Our results confirm and extend the early findings of Modrich and Lehman
(20) in their classic paper describing the steady state kinetic
analysis of the composite ligation reaction and the partial reactions
catalyzed by the NAD-dependent E. coli DNA ligase. Using homopolymeric substrates consisting of reactive poly(dT)
strands annealed to poly(dA), they were able to detect the addition of
AMP to the 5'-phosphate ends of poly(dT) that was modified by the
addition of a single 3'-dideoxythymidylate residue. However, the rate
of synthesis of DNA-adenylate on the homopolymeric 3'-deoxy substrate
was at least three orders of magnitude slower than the rate of strand
joining with a 3'-OH substrate. Modrich and Lehman (20) proposed, as we
do, that the 3'-OH is essential for step 2. A more recent study by Yang and Chan (21) demonstrated that 3'-dideoxynucleotide substitution at
the nick completely blocked DNA-adenylate formation and strand joining
by human DNA ligases I and II, but the issue of whether the human
ligases could bind to the 3'-deoxy nicks was not addressed. The present
study of Chlorella virus ligase clearly excludes a requirement for the 3'-OH in nick recognition as an explanation for the
step 2 block. We suggest that the 3'-OH at the nick interacts with an
essential step 2 catalyst, either an amino acid on the Chlorella virus enzyme or the divalent cation cofactor.
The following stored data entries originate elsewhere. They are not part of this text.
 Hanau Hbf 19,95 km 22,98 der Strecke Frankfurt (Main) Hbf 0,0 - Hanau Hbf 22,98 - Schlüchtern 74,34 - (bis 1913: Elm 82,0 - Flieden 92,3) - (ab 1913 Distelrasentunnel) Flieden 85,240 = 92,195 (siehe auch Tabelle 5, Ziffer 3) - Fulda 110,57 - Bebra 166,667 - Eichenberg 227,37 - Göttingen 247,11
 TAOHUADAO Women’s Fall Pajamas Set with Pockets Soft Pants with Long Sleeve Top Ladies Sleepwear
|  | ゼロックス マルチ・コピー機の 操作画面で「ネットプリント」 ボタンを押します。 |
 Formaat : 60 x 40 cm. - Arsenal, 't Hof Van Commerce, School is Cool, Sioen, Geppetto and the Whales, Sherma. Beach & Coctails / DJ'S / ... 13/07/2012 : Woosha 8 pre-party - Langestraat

The
key role of the 3'-OH during step 2 of the ligation reaction of
Chlorella virus DNA ligase cannot be fulfilled by a 2'-OH group.
A need for the 3'-OH during step 2 may not apply to every DNA ligase.
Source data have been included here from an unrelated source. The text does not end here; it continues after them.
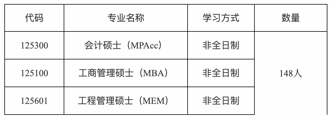 非全日制專(zhuān)業(yè)型碩士分別按會(huì)計(jì)碩士、工商管理碩士、工程管理碩士總成績(jī)排序由高到低依次錄取,若總成績(jī)相同,按初試成績(jī)從高到低依次錄取。
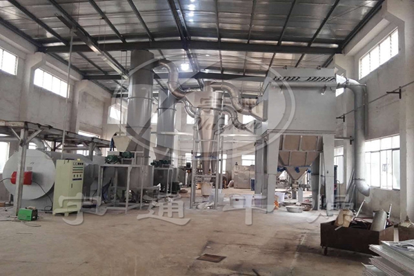 在干燥主機(jī)的上部設(shè)置環(huán)形擋板,此被稱為閃蒸干燥機(jī)分級器。當(dāng)物料運(yùn)動經(jīng)過該分級器時變會受到離心力的作用,呈現(xiàn)不同旋轉(zhuǎn)半徑螺旋上升的趨勢。粒徑較小的物料從分級器的內(nèi)孔排出;顆粒較大的物料被留在干燥室內(nèi)繼續(xù)粉碎,待達(dá)到標(biāo)準(zhǔn)粒度從內(nèi)孔排出。
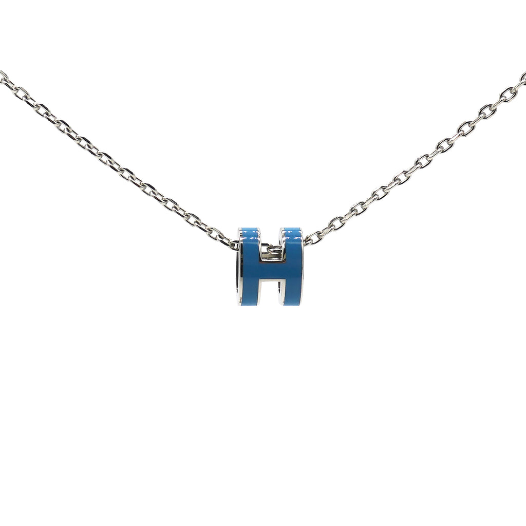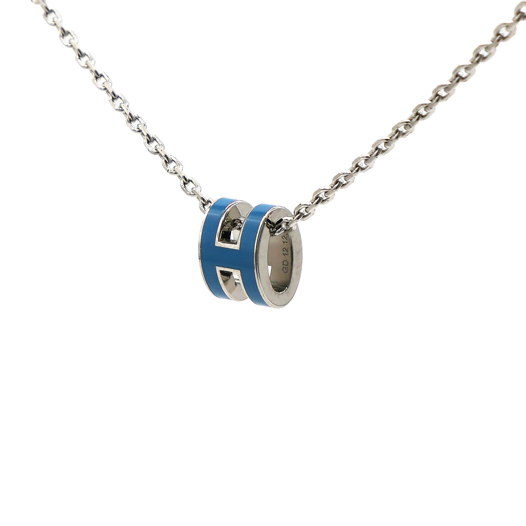 This is an authentic HERMES Lacquered silver Pop H Pendant Necklace in blue. This is a simple and very chic necklace from Hermes. It features a ring shape that is an elongated lacquered blue “H", which hangs on a short, thin silver band.
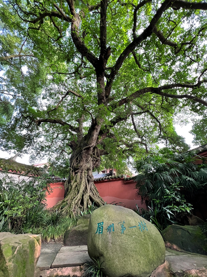 三苏祠中,号称“眉州第一树”的黄葛树。(总台央视记者杨新禹拍摄)
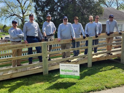 Indianapolis staff recently volunteered with NeighborLink Indianapolis to provide free repairs and build a temporary accessibility ramp for an elderly homeowner. She has lived in her home for fifty-five years and needed a wheelchair ramp for mobility to continue living comfortably in her home after a recent stroke.
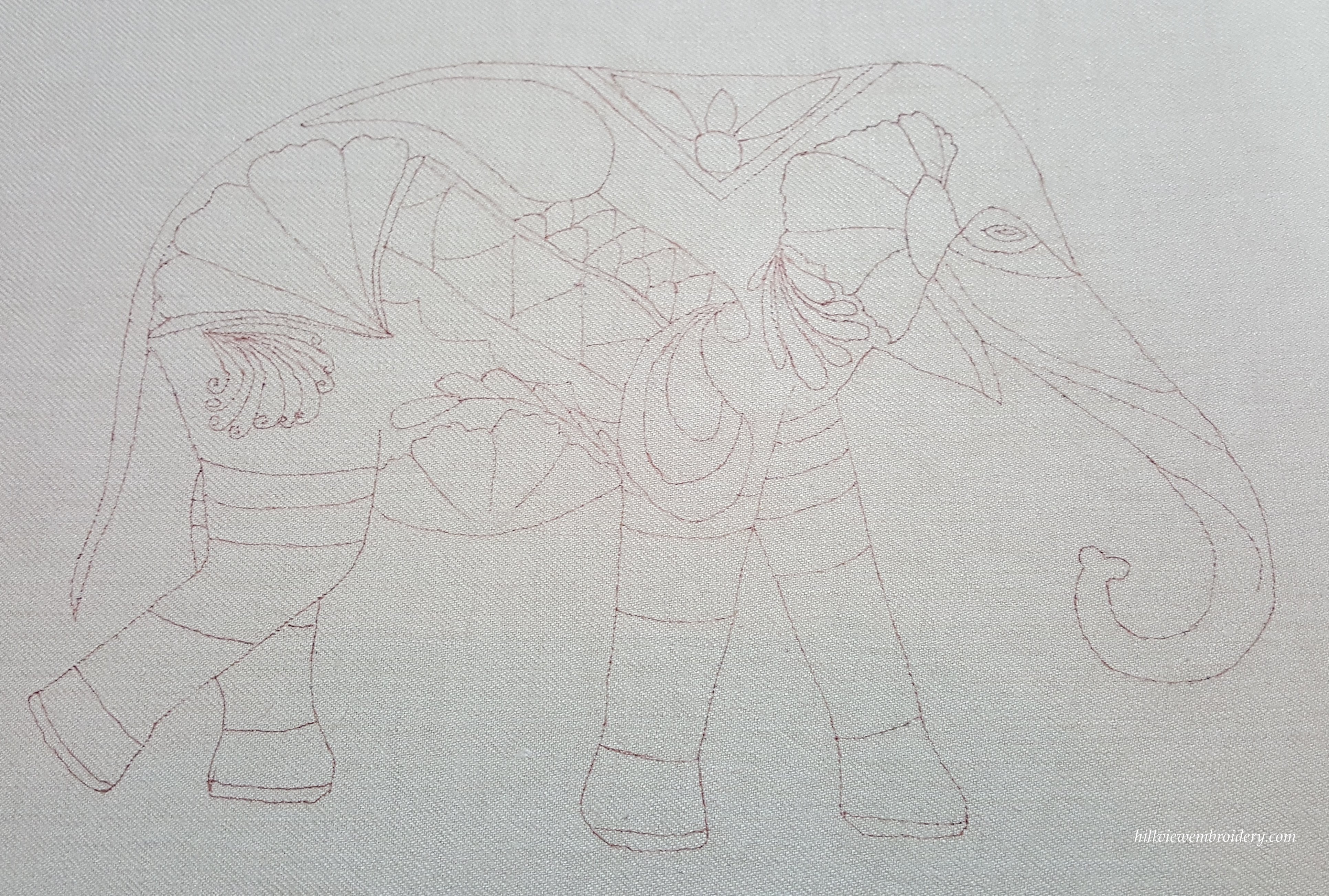 You may recall from my my first post of 2016 that I will be partaking in Take A Stitch Tuesday (TAST) this year. The first challenge comes out today, so I spent some time on the weekend getting ready with a design that I thought would be adaptable enough to use a variety of stitches on. I will have to see just how successful that is, and if this doesn’t work I will revert back to a more traditional sampler. Not necessarily a bad thing! I’m not sure I will be able to get all the stitches for the year onto this one design (in fact I’m pretty sure that will definitely not be achievable!). As it will be easy for me to transfer the same design again (I’ll talk about this shortly!), I may end up with a few elephants at the end of the year, all with a different decorative coat. My very premature thinking is that they could become gifts for my nieces if I make them up into cushions. But let’s not get ahead of ourselves! Not one stitch has yet been stitched!
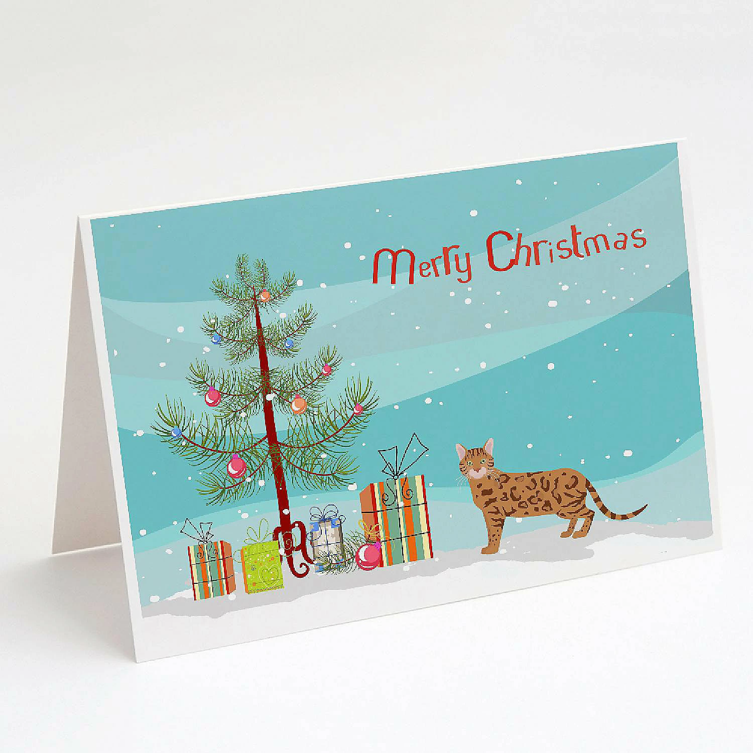Bengal #2 Cat Merry Christmas Greeting Cards and Envelopes Pack of 8. Greeting Cards and Envelopes Pack of 8 featuring breed specific Bengal artwork. Celebrate Christmas with this Christmas . Caroline’s Treasures Printed Greeting card Pack. This is a pack of eight folded 5×7 cards and eight matching white envelopes. These cards are blank inside for you to add your special note or special holiday greeting. The full color artwork cards are printed in our facility in full color on our 80 lb cover stock or 216 GSM. The super smooth finish of the white cards really enhance the artwork on the card. Each card comes with a matching white envelope. The artwork on the card was created by one of our in house creative artist or one of our licensed artists. This is from Caroline’s Treasures Cats category of products.
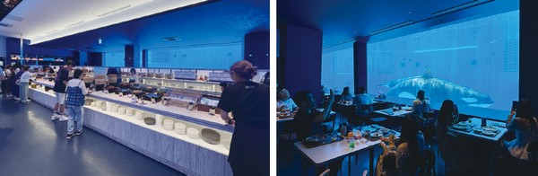 想體驗一邊用餐、一邊欣賞虎鯨優雅泳姿的獨特時光,千萬別錯過館內自助餐廳「BLUE OCEAN」。餐廳採完全預約制,建議事先預約用餐時段,以確保可安排觀賞席位。這裡設有面向虎鯨水槽的觀賞座位,能在取餐時看到虎鯨悠游姿態,宛如與牠們共餐。餐廳以海藍與沙白為主色調,明亮開闊的空間營造出海洋度假氛圍,料理嚴選兵庫縣與關西地區食材,提供豆乳刷刷鍋、鮮魚握壽司、烤牛肉與豬肉等多樣美味。
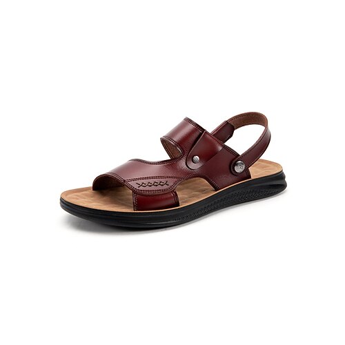 Sandali da uomo in similpelle marrone con cinturino regolabile, suola ammortizzata e design traforato, comodi per passeggiate all'aperto, abbigliamento casual estivo
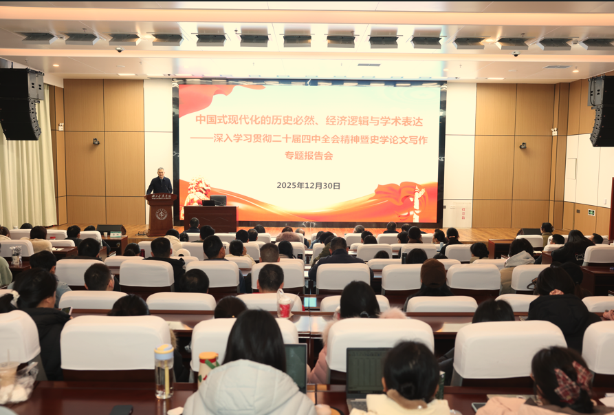 本网讯(通讯员 谢美娟)为深入学习贯彻党的二十届四中全会精神,深化对中国式现代化的理论认知与历史把握,提升全校教师学术研究与论文写作水平,12月30日上午,我校隆重举办“中国式现代化的历史必然、经济逻辑与学术表达——深入学习贯彻党的二十届四中全会精神暨史学论文写作专题报告会”。本次报告会邀请了中国社会科学院二级研究员、中国三线建设研究会会长武力,中国社会科学院二级研究员、中华人民共和国史学会副会长李正华,中共党史和文献研究院科研规划部二级巡视员、《中共党史研究》副主编、编审乔君三位国内知名专家作专题报告。校党委副书记、校长罗杰参加报告会并发表致辞,校党委常委、研究生院院长唐俊明主持。科学技术发展研究院、马克思主义学院、人文社会科学学院班子成员及相关学院教师、学生近300人参加了报告会。

Tomkinson et al. (22) have shown that the S. cerevisiae DNA ligase Cdc9p is able to catalyze DNA-adenylate
formation at a 3'-dideoxy/5'-phosphate nick. This is remarkable, given
that yeast Cdc9p is regarded as the structural and functional
counterpart of mammalian DNA ligase I (22), which as noted above,
stringently requires the 3'-OH for catalysis of DNA-adenylate formation.
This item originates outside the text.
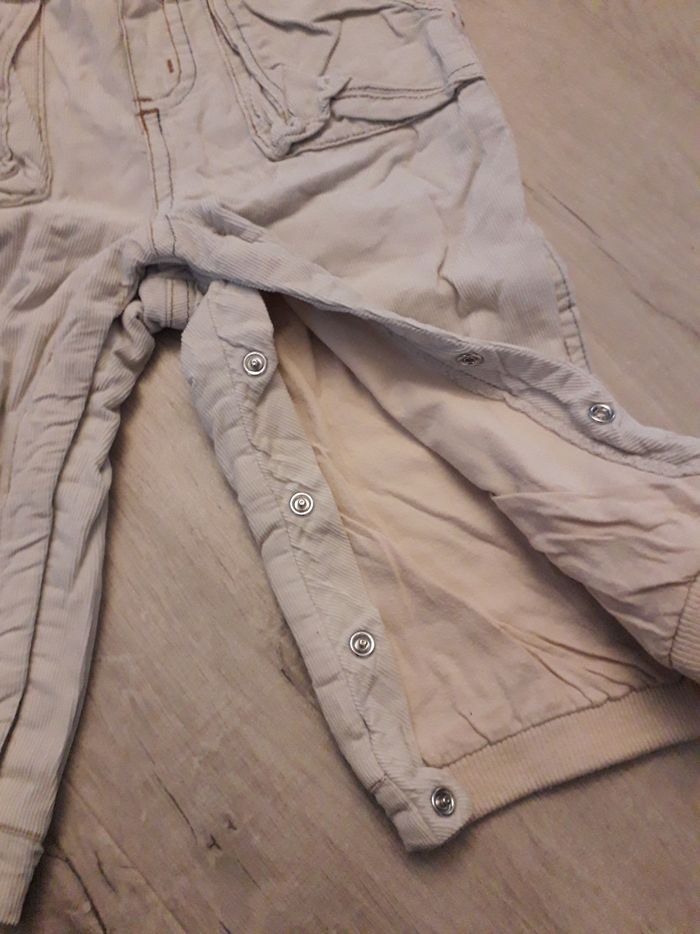Salopette chaude en velour. Boutons de pressions entre les jambes. Lavé avec lessive pour bébé. Maison non fumeur

The next milestone in understanding ligase action in molecular detail
will be the determination of the structure of the enzyme bound to DNA.
The present findings inform such efforts, insofar as (i) knowledge of
the ligase footprint can direct the design of nicked substrates for
cocrystallization trials and (ii) stable nick binding by step-arrest
mutants makes such mutants good candidates for crystallization.